Bringing Back Nonvoters [View all]



https://prospect.org/blogs-and-newsletters/tap/2025-07-21-bringing-back-nonvoters/



One of the great mysteries of recent politics is why some 19 million Americans who voted in 2020 sat out 2024. This was the opposite of what happened in 2018, when revulsion against Trump and a huge upsurge in organizing increased Democratic turnout and flipped 41 House seats. About 67 percent of voters ages 18 to 29 voted Democrat for the House. The surge lasted just long enough to elect Joe Biden and narrowly flip the Senate.

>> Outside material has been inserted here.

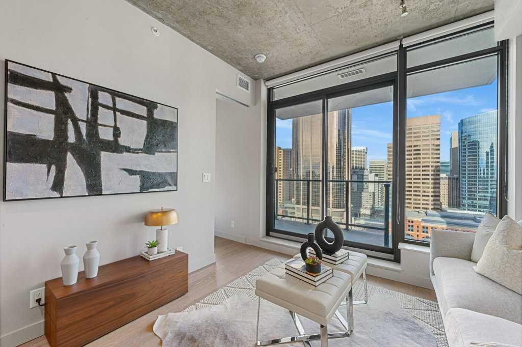 Discover a captivating urban lifestyle on the 15th floor of the esteemed 6th and Tenth building, offering stunning north-facing views of Calgary's vibrant downtown skyline. This compact gem, boasting just under 400 square feet, is a testament to modern sophistication and urban living. Indulge in the panoramic vistas of the city's core, framed by the sleek architecture that defines this unique residence. Unlike its counterparts, this unit is thoughtfully designed without a den, providing a sleek and efficient layout that maximizes every inch of space. Step into a world of engaging design with exposed concrete ceilings and feature walls, infusing the ambiance with a distinctive modern-industrial allure. The 15th-floor charm is complemented by proximity to the pulse of the city, with a walk score of 98 and a bike score of 94, making it a natural haven for urban enthusiasts. Indulge in the vibrant lifestyle this location affords, with trendy coffee shops and acclaimed restaurants such as Craft Beer Market, Vintage Steakhouse, and Gravity Espresso & Wine Bar just steps away. While this unit doesn't include parking, its location and compact design open up opportunities for those who seek an active and dynamic city lifestyle. As a resident, you'll have access to the building's amenities, including an expansive outdoor terrace on the 2nd floor, offering scenic views of the Calgary Tower. While this unit lacks a designated parking spot, its compact footprint aligns with a commitment to sustainable living and alternative transportation options. Ideal for those who appreciate the pulse of city living, this unit stands out as an attractive investment opportunity. Imagine the potential for short-term rentals or Airbnb ventures, with the freedom to explore new avenues unburdened by typical building restrictions. Connect with us to explore the possibilities and envision life in this captivating urban retreat—it won't be available for long!

So why the collapse in 2024? Contrary to a lot of conventional wisdom, the explanation was not voter apathy. A new poll by Celinda Lake conducted for the group Way to Win finds that a large majority of these disaffected nonvoters hold progressive views on the economy. Forty-nine percent said they would have voted for Kamala Harris, compared to just 25 percent for Donald Trump. But they were not motivated to vote for Harris because they found her views on key pocketbook issues too feeble.

These findings complement those reported by my colleague Harold Meyerson today. On pocketbook issues, most Americans are economic progressives. What’s missing is compelling leadership. Lake’s poll reached 833 Americans who voted for Biden in 2020 and did not vote at all in 2024. The top reason, cited by 31 percent of such voters, was that Harris “didn’t have a strong enough plan to get the cost of living down” and failed to address “deeper issues like poverty and inequality.” Another 15 percent said she “didn’t have the leadership qualities the country needed.”

Interestingly, this was not a case of these nonvoters being tuned out of politics altogether. Fully 49 percent said they checked the news several times a day. And 75 percent said they closely followed politics. There were just underwhelmed by what the Democrats were offering. Today, 62 percent would vote for a Democrat for Congress compared with just 19 percent for a Republican—if they voted at all. What leaders did these 2024 nonvoters admire? The top two in the poll were Bernie Sanders, approved by 78 percent, and AOC with 67 percent.